Pelatihan InJourney Hospitality House di Karimunjawa membekali 61 pelaku usaha dan penggiat pariwisata dengan keterampilan pelayanan, branding digital, hingga teknik menyambut wisatawan.

JEPARA, JURANEWS.ID – Sebanyak 61 pelaku usaha dan penggiat pariwisata di Karimunjawa, Kabupaten Jepara, mengikuti pelatihan InJourney Hospitality House (IHH) untuk meningkatkan kualitas pelayanan kepada wisatawan.

Kegiatan yang digelar PT Angkasa Pura Indonesia melalui Bandara Internasional Jenderal Ahmad Yani Semarang tersebut berlangsung selama tiga hari, 2-4 September 2026, di Aula Kecamatan Karimunjawa.

Peserta terdiri dari pelaku UKM, sektor transportasi, perhotelan, usaha kuliner hingga penggiat pariwisata.

General Manager Bandara Internasional Jenderal Ahmad Yani Semarang, Sulistyo Yulianto, mengatakan peserta mendapatkan berbagai materi terkait pengembangan pelayanan pariwisata.

Pada hari pertama, pelatihan difokuskan pada teori dan standar pelayanan pariwisata. Materinya mencakup kebijakan pengembangan pariwisata berkelanjutan di Karimunjawa, teknik guiding, hingga komunikasi efektif saat menghadapi wisatawan.

Memasuki hari kedua, peserta mendapat materi praktik lapangan. Salah satu fokusnya adalah memperkuat branding Karimunjawa melalui media sosial serta memanfaatkan fitur livestream untuk mempromosikan destinasi wisata.

Sementara pada hari ketiga, peserta mendapatkan materi mengenai teknik penyambutan tamu.

Rangkaian pelatihan kemudian ditutup dengan pembagian simbolis sertifikat oleh Regional CEO Kantor Regional IV PT Angkasa Pura Indonesia (Persero), Rahadian D. Yogisworo.

“Pengembangan destinasi wisata tidak terlepas dari kesiapan sumber daya manusia dan kualitas pelayanan yang diberikan kepada wisatawan,” ujar Sulistyo.

Dorong SDM Pariwisata Karimunjawa

Sulistyo mengatakan program IHH menjadi salah satu upaya Angkasa Pura Indonesia untuk ikut meningkatkan kapasitas masyarakat dan pelaku usaha pariwisata di Karimunjawa.

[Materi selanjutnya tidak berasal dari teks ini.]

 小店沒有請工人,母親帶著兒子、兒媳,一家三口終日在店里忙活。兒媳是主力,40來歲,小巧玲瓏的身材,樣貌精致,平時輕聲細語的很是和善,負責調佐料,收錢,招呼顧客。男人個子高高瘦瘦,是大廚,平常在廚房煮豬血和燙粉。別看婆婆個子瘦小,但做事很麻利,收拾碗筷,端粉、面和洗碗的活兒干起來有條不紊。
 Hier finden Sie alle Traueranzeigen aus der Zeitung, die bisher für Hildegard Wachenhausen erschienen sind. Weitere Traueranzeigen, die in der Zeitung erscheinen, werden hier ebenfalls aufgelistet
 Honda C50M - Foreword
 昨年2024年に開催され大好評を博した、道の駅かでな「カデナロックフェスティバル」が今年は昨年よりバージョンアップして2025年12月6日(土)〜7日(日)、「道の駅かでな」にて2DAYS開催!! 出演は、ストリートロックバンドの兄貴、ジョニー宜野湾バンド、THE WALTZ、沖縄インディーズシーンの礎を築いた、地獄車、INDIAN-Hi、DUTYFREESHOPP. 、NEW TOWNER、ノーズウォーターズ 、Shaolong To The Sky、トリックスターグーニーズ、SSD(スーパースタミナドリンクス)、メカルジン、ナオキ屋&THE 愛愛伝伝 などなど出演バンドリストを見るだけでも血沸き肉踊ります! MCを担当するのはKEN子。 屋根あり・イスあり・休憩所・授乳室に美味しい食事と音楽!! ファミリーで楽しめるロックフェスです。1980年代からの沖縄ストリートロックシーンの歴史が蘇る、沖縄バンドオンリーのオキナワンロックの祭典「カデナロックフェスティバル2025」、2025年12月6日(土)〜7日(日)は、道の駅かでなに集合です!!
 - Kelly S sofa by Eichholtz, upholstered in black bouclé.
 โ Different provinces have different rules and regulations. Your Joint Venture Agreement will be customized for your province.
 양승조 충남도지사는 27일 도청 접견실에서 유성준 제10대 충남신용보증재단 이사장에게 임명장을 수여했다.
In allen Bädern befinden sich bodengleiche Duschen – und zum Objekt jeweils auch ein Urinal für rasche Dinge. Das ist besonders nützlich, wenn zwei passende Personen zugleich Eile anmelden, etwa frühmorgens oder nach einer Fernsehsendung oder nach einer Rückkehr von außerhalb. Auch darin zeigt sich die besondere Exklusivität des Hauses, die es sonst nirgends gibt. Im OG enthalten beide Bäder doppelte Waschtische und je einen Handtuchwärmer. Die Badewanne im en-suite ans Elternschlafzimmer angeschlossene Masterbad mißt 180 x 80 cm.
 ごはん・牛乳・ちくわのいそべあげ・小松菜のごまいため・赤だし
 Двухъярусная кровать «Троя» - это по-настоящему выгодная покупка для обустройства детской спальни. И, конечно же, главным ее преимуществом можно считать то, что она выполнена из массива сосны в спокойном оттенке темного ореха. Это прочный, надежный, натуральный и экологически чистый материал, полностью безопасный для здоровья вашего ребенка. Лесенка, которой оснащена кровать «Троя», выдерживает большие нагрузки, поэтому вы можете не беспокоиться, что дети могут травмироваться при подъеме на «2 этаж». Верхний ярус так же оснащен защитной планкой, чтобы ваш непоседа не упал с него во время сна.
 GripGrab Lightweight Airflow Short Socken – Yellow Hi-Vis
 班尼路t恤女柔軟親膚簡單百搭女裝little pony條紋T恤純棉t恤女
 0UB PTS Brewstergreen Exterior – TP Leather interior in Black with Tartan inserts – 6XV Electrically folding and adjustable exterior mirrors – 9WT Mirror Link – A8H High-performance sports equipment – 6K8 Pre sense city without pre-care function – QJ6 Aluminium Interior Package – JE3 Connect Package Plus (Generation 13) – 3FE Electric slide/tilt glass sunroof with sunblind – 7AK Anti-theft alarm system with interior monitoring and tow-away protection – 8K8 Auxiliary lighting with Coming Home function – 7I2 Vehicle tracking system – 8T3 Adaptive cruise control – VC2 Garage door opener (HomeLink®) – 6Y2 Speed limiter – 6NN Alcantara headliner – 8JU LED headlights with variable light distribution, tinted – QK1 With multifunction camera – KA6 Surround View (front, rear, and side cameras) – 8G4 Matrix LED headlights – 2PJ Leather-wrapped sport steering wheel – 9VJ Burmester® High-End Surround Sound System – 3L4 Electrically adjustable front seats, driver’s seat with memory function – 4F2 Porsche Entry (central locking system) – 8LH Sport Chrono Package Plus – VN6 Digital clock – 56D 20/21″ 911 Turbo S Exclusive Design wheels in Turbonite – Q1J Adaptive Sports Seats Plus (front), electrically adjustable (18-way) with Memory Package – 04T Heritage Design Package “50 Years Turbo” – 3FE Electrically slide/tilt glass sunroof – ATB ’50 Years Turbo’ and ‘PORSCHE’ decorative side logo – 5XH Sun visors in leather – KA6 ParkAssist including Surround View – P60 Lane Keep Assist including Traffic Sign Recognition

Menurutnya, hospitality bukan hanya berkaitan dengan cara menyambut wisatawan, tetapi juga bagaimana memberikan pelayanan yang baik, menciptakan pengalaman positif, serta menjaga keberlanjutan destinasi.

“Melalui InJourney Hospitality House, kami ingin turut mengambil peran dalam meningkatkan kapasitas masyarakat dan pelaku usaha pariwisata di Karimunjawa,” katanya.

Ia menambahkan, kualitas sumber daya manusia menjadi salah satu faktor penting dalam meningkatkan daya saing destinasi wisata.

Program IHH juga diarahkan untuk memperkuat keterhubungan antara sektor transportasi udara dengan destinasi wisata di Jawa Tengah.

Bandara Internasional Jenderal Ahmad Yani Semarang memiliki posisi strategis sebagai salah satu pintu gerbang Jawa Tengah dan mendukung konektivitas wisatawan menuju berbagai destinasi unggulan, termasuk Karimunjawa.

Melalui kolaborasi dengan pemerintah daerah, komunitas, serta pelaku usaha lokal, program tersebut diharapkan memberikan manfaat lebih luas bagi masyarakat.

Selain meningkatkan kualitas pelayanan, program ini diharapkan ikut memperkuat daya saing Karimunjawa sebagai salah satu destinasi wisata unggulan di Jawa Tengah.